Your instructions: Set the data down again, exactly as it reads, but without the pictures.

Given material:
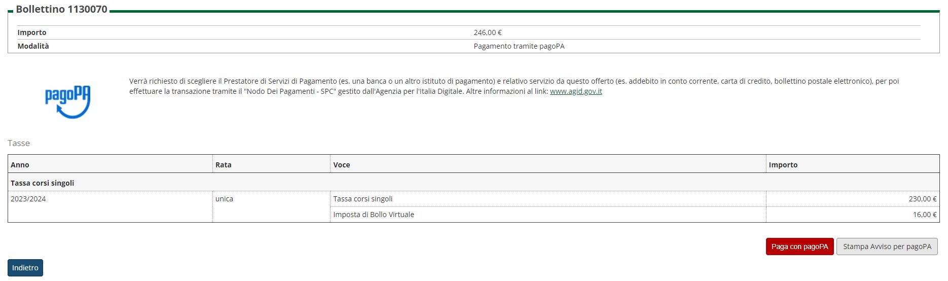 Si può effettuare il pagamento diretto on line cliccando sul pulsante “Paga con pagoPA”, oppure si può stampare un avviso di pagamento pagabile presso gli oltre 400 Prestatori di Servizi di Pagamento (PSP) aderenti a PagoPA cliccando sul pulsante “Stampa Avviso per pagoPA”.
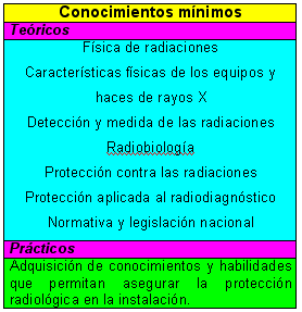 El CSN a través de la Resolución anteriormente citada establece una serie de conocimientos mínimos que es necesario demostrar para poder dirigir u operar según proceda, en instalaciones de rayos X y que se recogen en la tabla 1.
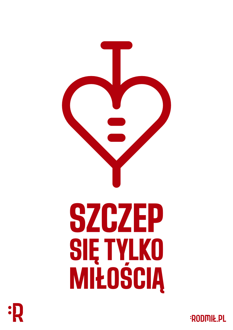Projekt graficzny plakatu SZCZEP SIĘ TYLKO MIŁOŚCIĄ. Minimalistyczna czerwono-biała strzykawka lekarska w kształcie serca.

Response to this exercise:
 Si può effettuare il pagamento diretto on line cliccando sul pulsante “Paga con pagoPA”, oppure si può stampare un avviso di pagamento pagabile presso gli oltre 400 Prestatori di Servizi di Pagamento (PSP) aderenti a PagoPA cliccando sul pulsante “Stampa Avviso per pagoPA”.
 El CSN a través de la Resolución anteriormente citada establece una serie de conocimientos mínimos que es necesario demostrar para poder dirigir u operar según proceda, en instalaciones de rayos X y que se recogen en la tabla 1.
Projekt graficzny plakatu SZCZEP SIĘ TYLKO MIŁOŚCIĄ. Minimalistyczna czerwono-biała strzykawka lekarska w kształcie serca.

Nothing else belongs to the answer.